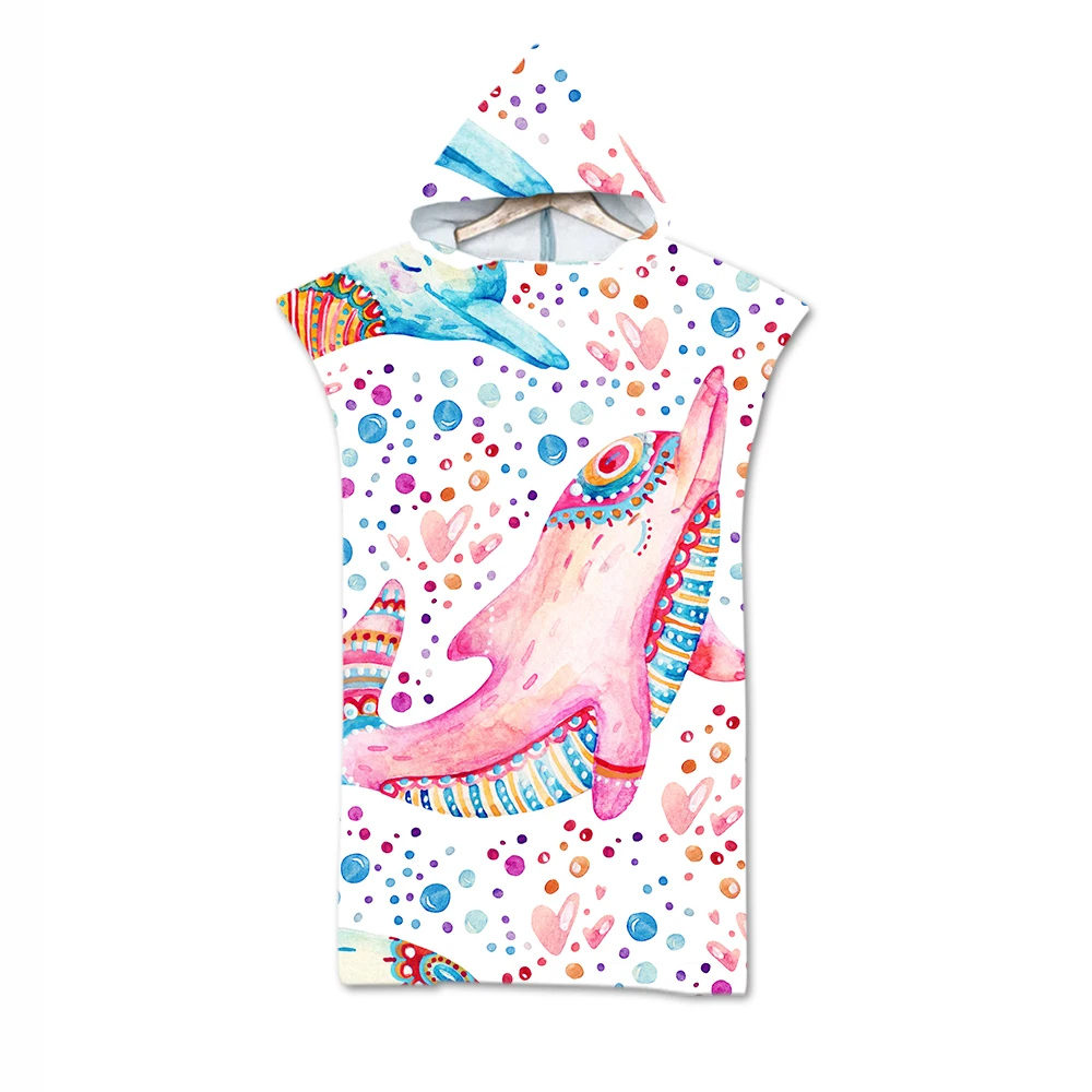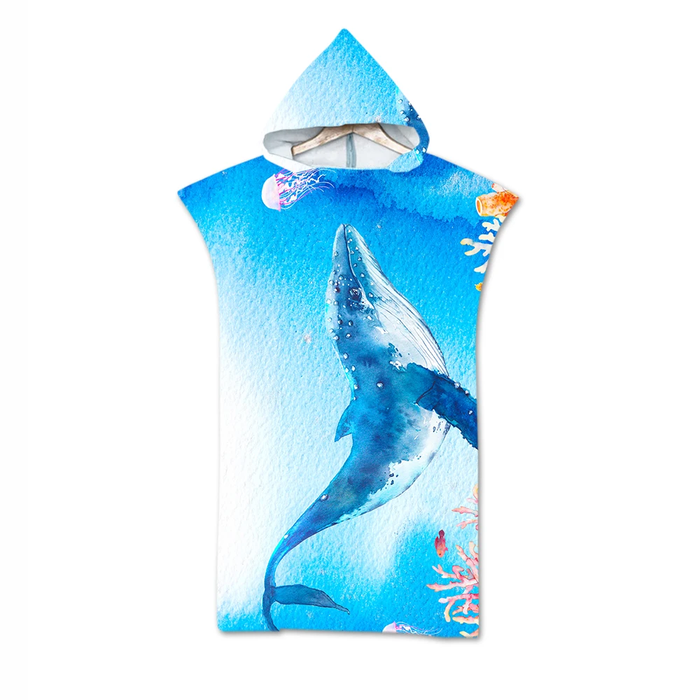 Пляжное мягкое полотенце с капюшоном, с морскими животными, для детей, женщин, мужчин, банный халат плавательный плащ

* * *

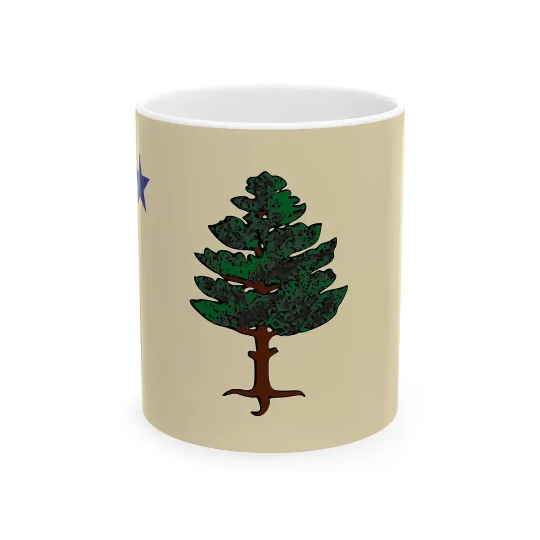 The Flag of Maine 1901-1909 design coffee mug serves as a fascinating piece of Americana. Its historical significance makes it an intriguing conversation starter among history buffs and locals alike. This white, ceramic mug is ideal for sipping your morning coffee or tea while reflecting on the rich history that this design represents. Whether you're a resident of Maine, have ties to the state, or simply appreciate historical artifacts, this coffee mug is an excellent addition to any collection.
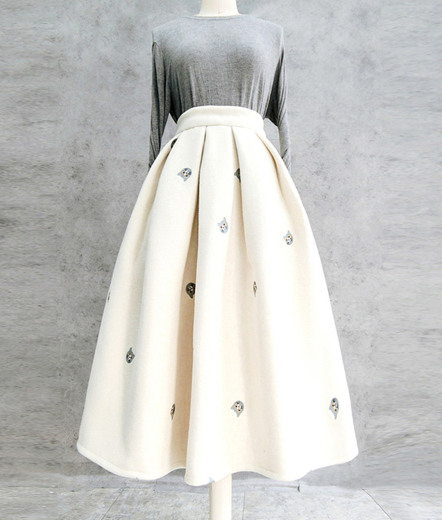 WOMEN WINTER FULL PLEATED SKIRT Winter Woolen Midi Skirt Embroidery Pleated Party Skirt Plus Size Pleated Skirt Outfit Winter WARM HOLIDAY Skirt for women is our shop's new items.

*WHAT IS REQUIRED*. Among the entries above, copy exactly the stretch from the line holding "The Flag of" through the line holding "WOMEN WINTER FULL", leaving out any pictures.

*SOLUTION TO THE PROBLEM*.
 The Flag of Maine 1901-1909 design coffee mug serves as a fascinating piece of Americana. Its historical significance makes it an intriguing conversation starter among history buffs and locals alike. This white, ceramic mug is ideal for sipping your morning coffee or tea while reflecting on the rich history that this design represents. Whether you're a resident of Maine, have ties to the state, or simply appreciate historical artifacts, this coffee mug is an excellent addition to any collection.
 WOMEN WINTER FULL PLEATED SKIRT Winter Woolen Midi Skirt Embroidery Pleated Party Skirt Plus Size Pleated Skirt Outfit Winter WARM HOLIDAY Skirt for women is our shop's new items.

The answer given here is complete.